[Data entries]
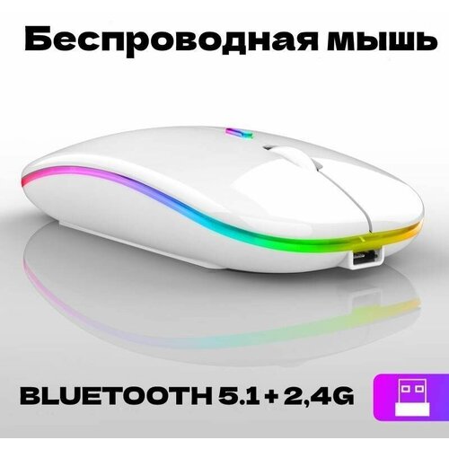 Беспроводная мышка для компьютера со встроенным аккумулятором/ Бесшумная блютуз компьютерная мышь с подсветкой RGB/ Bluetooth/ WiFi 2.4 гц Белая
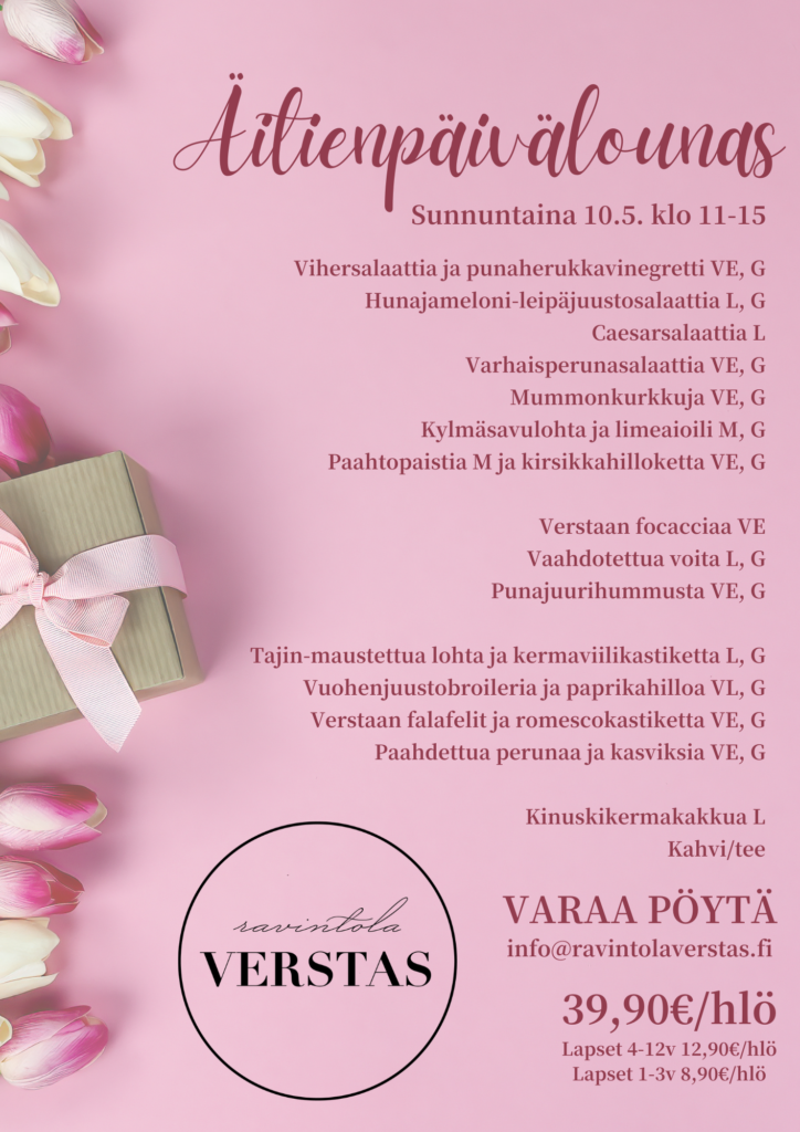 Sunnuntaina 10.5.2026 klo 11 – 15 Varaa pöytä: info@ravintolaverstas.fi Äitienpäivälounaan hinta 39,90€/hlö Lapset 1-3v: 8,90€ Lapset 4-12v: 12,90€
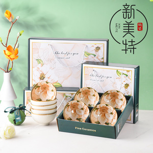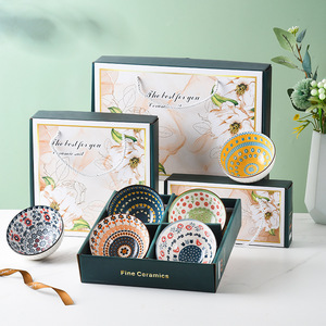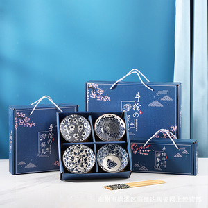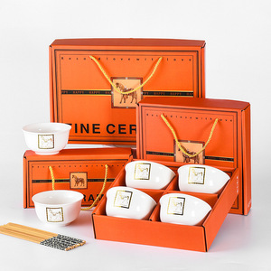 蛇年手描きボウルと箸セットギフトセラミックボウルと箸青と白の磁器ボウル食器セットクリエイティブボウル卸売メーカー
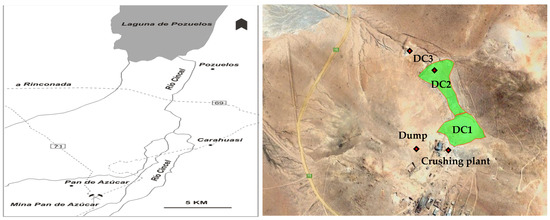 Due to the low profit margin, several metalliferous mines located in the north of Argentina have limited their activities in recent decades and many of those mines were inadequately closed. Pan de Azúcar Mine, located in the northwest of Argentina (Jujuy province), at 3700 m above sea level (22°32–22°38 S and 66°01–66°08 W) is one of them. The extractive activities for lead and silver recovery finished in 1990 [25]. The three tailings dams (DC1, DC2, and DC3) were built near the old tailings accumulated at the site. Currently, DC1 does not present signs of erosion. On the contrary, DC2 suffered strong erosion that caused it to break in different places and flow downstream covering DC3. During the wet season, water drains through the tailings forming an acid lagoon downstream. The Pan de Azúcar mine is very close to Laguna Pozuelos (National Natural Monument, Biosphere Reserve and Ramsar site) whose neutral to alkaline water hosts 44 species of birds. The Cincel River, the main tributary of the lake, connects both sites since it crosses the mining area; a little change in its composition could have a dramatic effect on the local flora and fauna of the area [26,27].
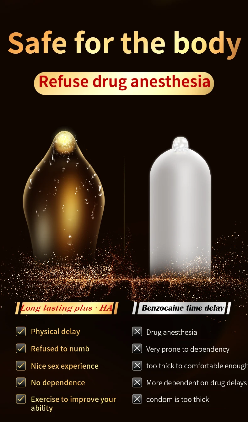 Особенности:1. Утолщите головку презерватива, чтобы уменьшить чувствительность к гланам, чтобы задержать эякуляцию.2. Избегайте побочных эффектов задержки лекарств на теле.3. Все они были протестированы в электронном виде, чтобы гарантировать надежную защиту от контрацепции, а также эффективное предотвращение инфицирования и других передаваемых половым путем заболеваний.
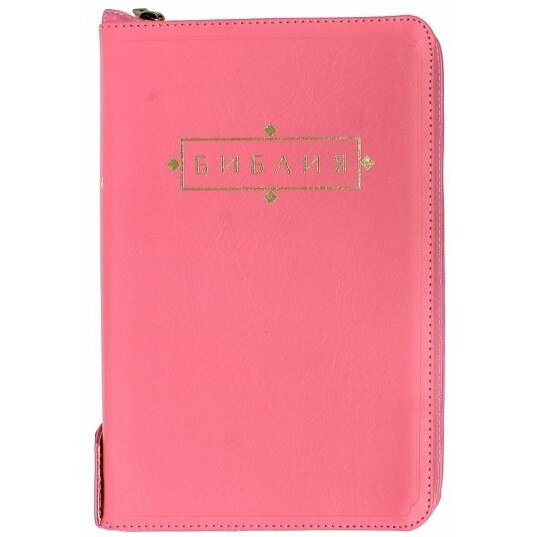 Гибкий кожаный переплет на "молнии" с фикс. кнопкой, "золотой" обрез, две закладки, с индексами для поиска библейских книг.
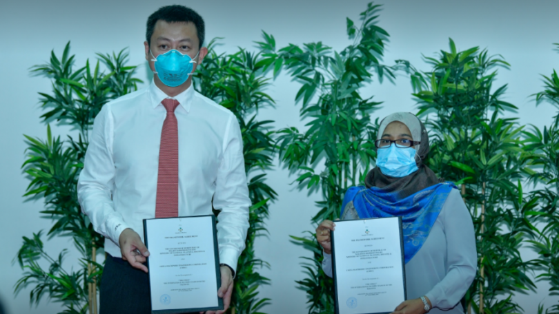 The signing ceremony took place at Dhivehi Raajjeyge Addu’s Senaco Maalan earlier today. On behalf of the Ministry, the Director-General of the Ministry of National Planning. Housing and Infrastructure, Fathimath Shana Faarooq and CMEC Chief Representative, Li Xiado signed on behalf of the company.
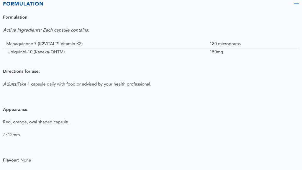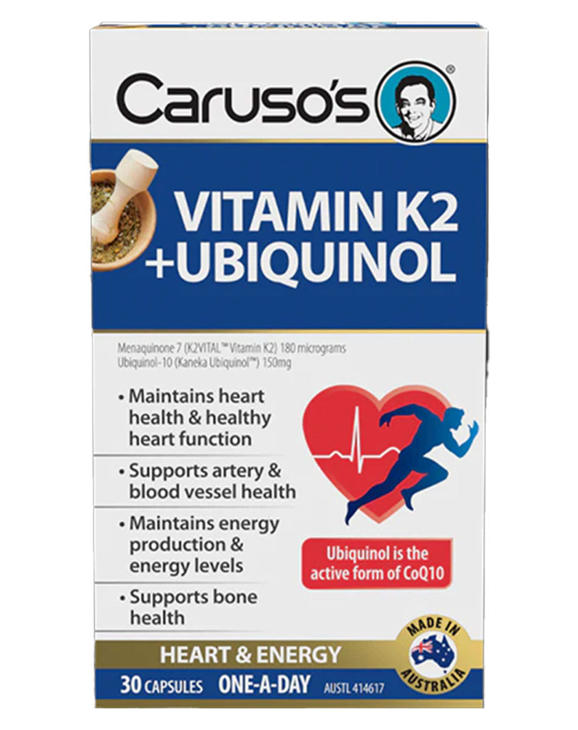 K2 + Ubiquinol by Caruso's Natural Health combines Vitamin K2 and Ubiquinol into a comprehensive formula to potentially enhance various aspects of overall health. This convenient one-a-day supplement offers support for cardiovascular health, promoting heart function, arterial health and blood vessel health. With a Vitamin K2 boost, it extends benefits to bone health by aiding mineralization, metabolism and potential maintenance of bone mass, strength and integrity. K2 + Ubiquinol by Caruso's Natural Health also contributes to the maintenance of energy requirements in adults, providing a holistic approach to vitality. The antioxidant properties complement the formula, offering free radical reduction and additional support for general health.
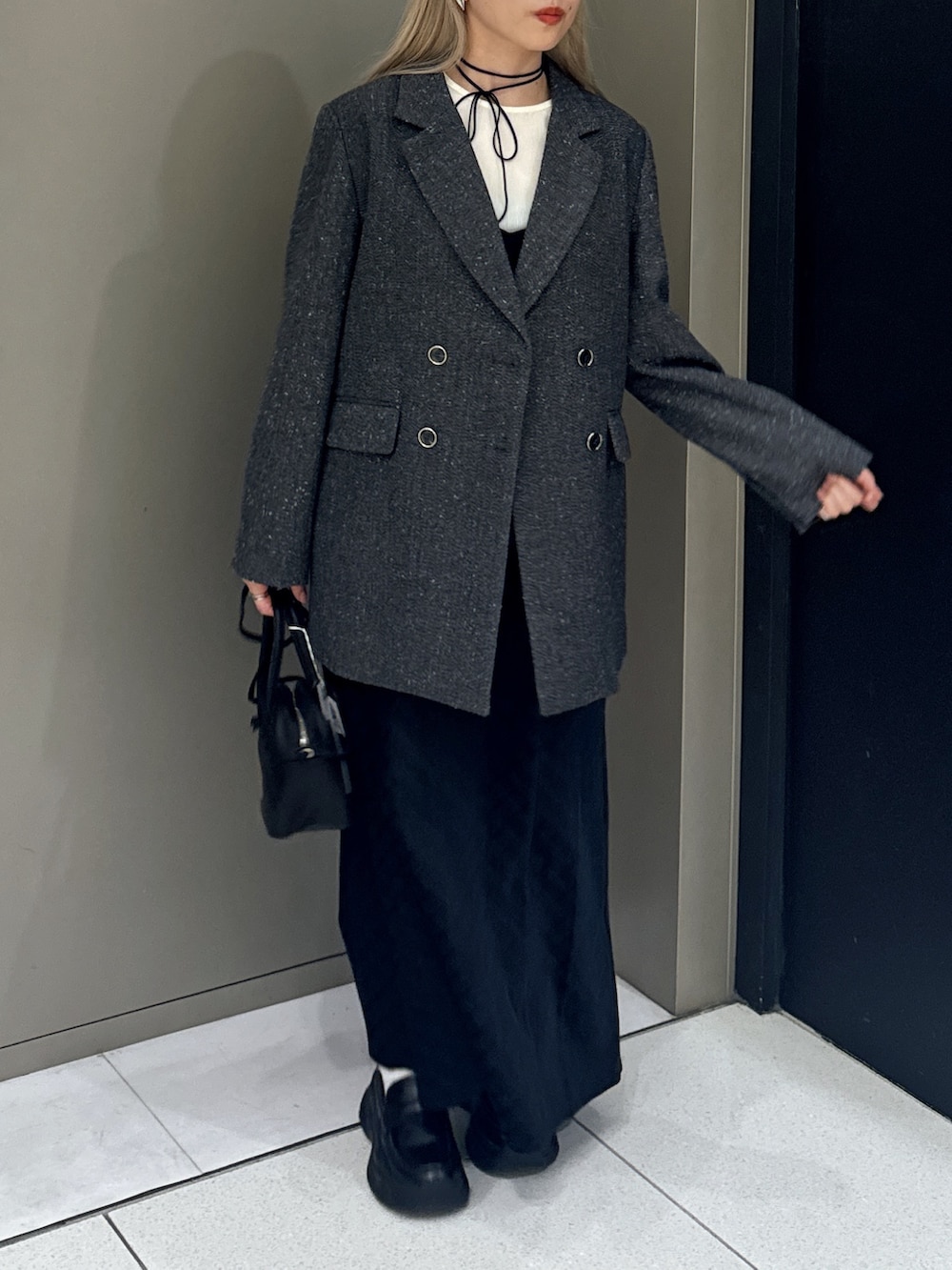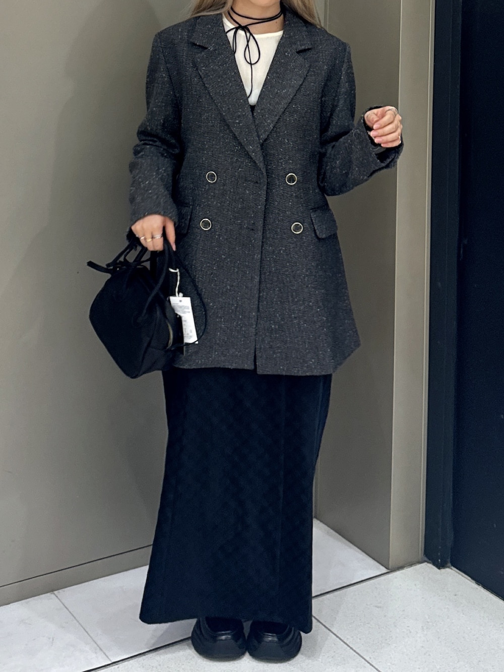 ややレトロ感もあるジャケットなので、なかの素材もおもめで合わせてみました☃️
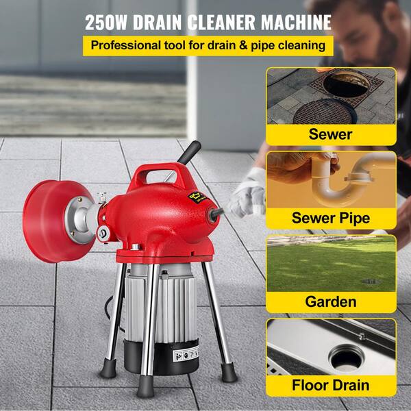 Drain Cleaner Machine 250-Watt 2 Cable Electric Drain Auger for 3/4 in. to 4 in. Pipes Power Spin with Autofeed Function
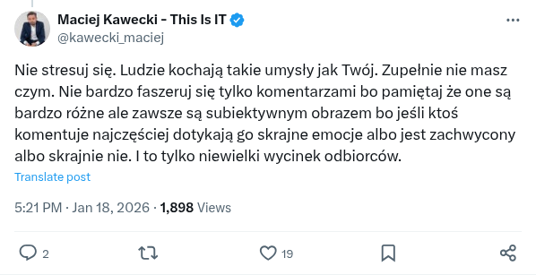 Nie stresuj się. Ludzie kochają takie umysły jak Twój. Zupełnie nie masz czym. Nie bardzo faszeruj się tylko komentarzami bo pamiętaj że one są bardzo różne ale zawsze są subiektywnym obrazem bo jeśli ktoś komentuje najczęściej dotykają go skrajne emocje albo jest zachwycony albo skrajnie nie. I to tylko niewielki wycinek odbiorców.

## WORK INSTRUCTION
Every record must be set down again exactly; pictures do not belong in the copy.

## EXERCISE OUTPUT
 Беспроводная мышка для компьютера со встроенным аккумулятором/ Бесшумная блютуз компьютерная мышь с подсветкой RGB/ Bluetooth/ WiFi 2.4 гц Белая
 Sunnuntaina 10.5.2026 klo 11 – 15 Varaa pöytä: info@ravintolaverstas.fi Äitienpäivälounaan hinta 39,90€/hlö Lapset 1-3v: 8,90€ Lapset 4-12v: 12,90€
 蛇年手描きボウルと箸セットギフトセラミックボウルと箸青と白の磁器ボウル食器セットクリエイティブボウル卸売メーカー
 Due to the low profit margin, several metalliferous mines located in the north of Argentina have limited their activities in recent decades and many of those mines were inadequately closed. Pan de Azúcar Mine, located in the northwest of Argentina (Jujuy province), at 3700 m above sea level (22°32–22°38 S and 66°01–66°08 W) is one of them. The extractive activities for lead and silver recovery finished in 1990 [25]. The three tailings dams (DC1, DC2, and DC3) were built near the old tailings accumulated at the site. Currently, DC1 does not present signs of erosion. On the contrary, DC2 suffered strong erosion that caused it to break in different places and flow downstream covering DC3. During the wet season, water drains through the tailings forming an acid lagoon downstream. The Pan de Azúcar mine is very close to Laguna Pozuelos (National Natural Monument, Biosphere Reserve and Ramsar site) whose neutral to alkaline water hosts 44 species of birds. The Cincel River, the main tributary of the lake, connects both sites since it crosses the mining area; a little change in its composition could have a dramatic effect on the local flora and fauna of the area [26,27].
 Особенности:1. Утолщите головку презерватива, чтобы уменьшить чувствительность к гланам, чтобы задержать эякуляцию.2. Избегайте побочных эффектов задержки лекарств на теле.3. Все они были протестированы в электронном виде, чтобы гарантировать надежную защиту от контрацепции, а также эффективное предотвращение инфицирования и других передаваемых половым путем заболеваний.
 Гибкий кожаный переплет на "молнии" с фикс. кнопкой, "золотой" обрез, две закладки, с индексами для поиска библейских книг.
 The signing ceremony took place at Dhivehi Raajjeyge Addu’s Senaco Maalan earlier today. On behalf of the Ministry, the Director-General of the Ministry of National Planning. Housing and Infrastructure, Fathimath Shana Faarooq and CMEC Chief Representative, Li Xiado signed on behalf of the company.
 K2 + Ubiquinol by Caruso's Natural Health combines Vitamin K2 and Ubiquinol into a comprehensive formula to potentially enhance various aspects of overall health. This convenient one-a-day supplement offers support for cardiovascular health, promoting heart function, arterial health and blood vessel health. With a Vitamin K2 boost, it extends benefits to bone health by aiding mineralization, metabolism and potential maintenance of bone mass, strength and integrity. K2 + Ubiquinol by Caruso's Natural Health also contributes to the maintenance of energy requirements in adults, providing a holistic approach to vitality. The antioxidant properties complement the formula, offering free radical reduction and additional support for general health.
 ややレトロ感もあるジャケットなので、なかの素材もおもめで合わせてみました☃️
 Drain Cleaner Machine 250-Watt 2 Cable Electric Drain Auger for 3/4 in. to 4 in. Pipes Power Spin with Autofeed Function
 Nie stresuj się. Ludzie kochają takie umysły jak Twój. Zupełnie nie masz czym. Nie bardzo faszeruj się tylko komentarzami bo pamiętaj że one są bardzo różne ale zawsze są subiektywnym obrazem bo jeśli ktoś komentuje najczęściej dotykają go skrajne emocje albo jest zachwycony albo skrajnie nie. I to tylko niewielki wycinek odbiorców.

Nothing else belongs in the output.